Stored data:
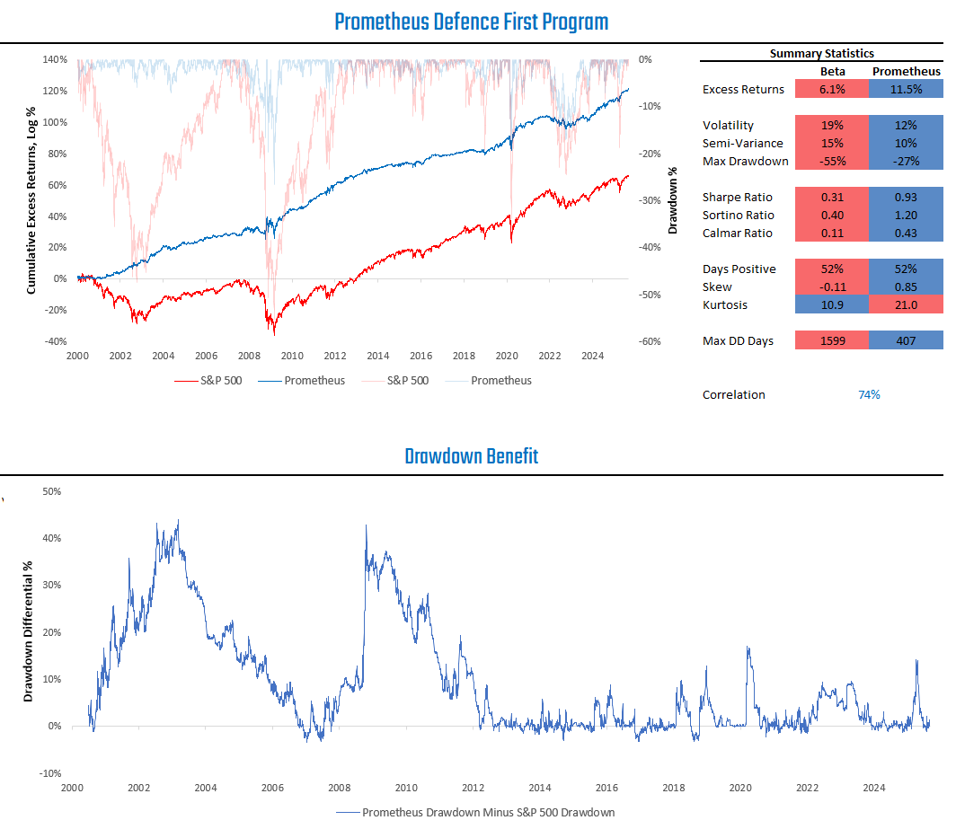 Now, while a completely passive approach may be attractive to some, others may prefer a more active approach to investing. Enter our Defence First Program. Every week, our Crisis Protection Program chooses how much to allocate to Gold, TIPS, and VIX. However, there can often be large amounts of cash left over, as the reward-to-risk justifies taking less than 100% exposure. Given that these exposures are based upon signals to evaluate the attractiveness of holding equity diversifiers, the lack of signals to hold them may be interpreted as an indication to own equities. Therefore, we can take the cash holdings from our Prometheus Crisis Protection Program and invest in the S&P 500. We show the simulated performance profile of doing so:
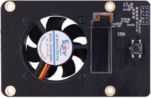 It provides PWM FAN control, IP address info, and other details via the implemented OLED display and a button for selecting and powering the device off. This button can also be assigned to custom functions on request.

--

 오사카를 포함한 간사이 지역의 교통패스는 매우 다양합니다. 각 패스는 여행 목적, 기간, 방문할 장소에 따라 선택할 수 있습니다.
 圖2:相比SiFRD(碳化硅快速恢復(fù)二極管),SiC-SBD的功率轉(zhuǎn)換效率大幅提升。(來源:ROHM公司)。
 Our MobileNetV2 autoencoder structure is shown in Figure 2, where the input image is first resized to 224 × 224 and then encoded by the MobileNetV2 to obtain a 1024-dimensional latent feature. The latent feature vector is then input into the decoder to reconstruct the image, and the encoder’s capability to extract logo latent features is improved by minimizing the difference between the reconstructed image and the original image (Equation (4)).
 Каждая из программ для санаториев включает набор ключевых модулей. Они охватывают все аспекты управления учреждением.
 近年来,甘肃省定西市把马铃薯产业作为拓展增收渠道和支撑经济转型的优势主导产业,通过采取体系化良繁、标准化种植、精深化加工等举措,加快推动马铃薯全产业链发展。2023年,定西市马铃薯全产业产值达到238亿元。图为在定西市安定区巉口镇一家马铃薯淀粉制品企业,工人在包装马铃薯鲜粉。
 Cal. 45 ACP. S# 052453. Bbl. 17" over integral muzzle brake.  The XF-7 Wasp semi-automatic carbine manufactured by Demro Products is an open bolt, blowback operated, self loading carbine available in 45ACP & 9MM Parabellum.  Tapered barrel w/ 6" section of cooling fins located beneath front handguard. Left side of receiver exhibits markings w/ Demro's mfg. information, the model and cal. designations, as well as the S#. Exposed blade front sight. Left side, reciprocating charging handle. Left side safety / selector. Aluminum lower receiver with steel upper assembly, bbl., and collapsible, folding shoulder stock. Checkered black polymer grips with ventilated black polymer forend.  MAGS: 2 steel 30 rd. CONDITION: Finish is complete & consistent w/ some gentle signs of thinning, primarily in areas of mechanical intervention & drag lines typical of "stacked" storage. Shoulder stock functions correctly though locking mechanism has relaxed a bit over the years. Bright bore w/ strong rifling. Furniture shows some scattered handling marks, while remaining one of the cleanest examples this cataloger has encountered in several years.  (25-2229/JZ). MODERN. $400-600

The problem: Reproduce exactly the lines above from the line with "Our MobileNetV2 autoencoder" to the line with "近年来,甘肃省定西市把马铃薯", including both, and add nothing.

Answer to this task:
 Our MobileNetV2 autoencoder structure is shown in Figure 2, where the input image is first resized to 224 × 224 and then encoded by the MobileNetV2 to obtain a 1024-dimensional latent feature. The latent feature vector is then input into the decoder to reconstruct the image, and the encoder’s capability to extract logo latent features is improved by minimizing the difference between the reconstructed image and the original image (Equation (4)).
 Каждая из программ для санаториев включает набор ключевых модулей. Они охватывают все аспекты управления учреждением.
 近年来,甘肃省定西市把马铃薯产业作为拓展增收渠道和支撑经济转型的优势主导产业,通过采取体系化良繁、标准化种植、精深化加工等举措,加快推动马铃薯全产业链发展。2023年,定西市马铃薯全产业产值达到238亿元。图为在定西市安定区巉口镇一家马铃薯淀粉制品企业,工人在包装马铃薯鲜粉。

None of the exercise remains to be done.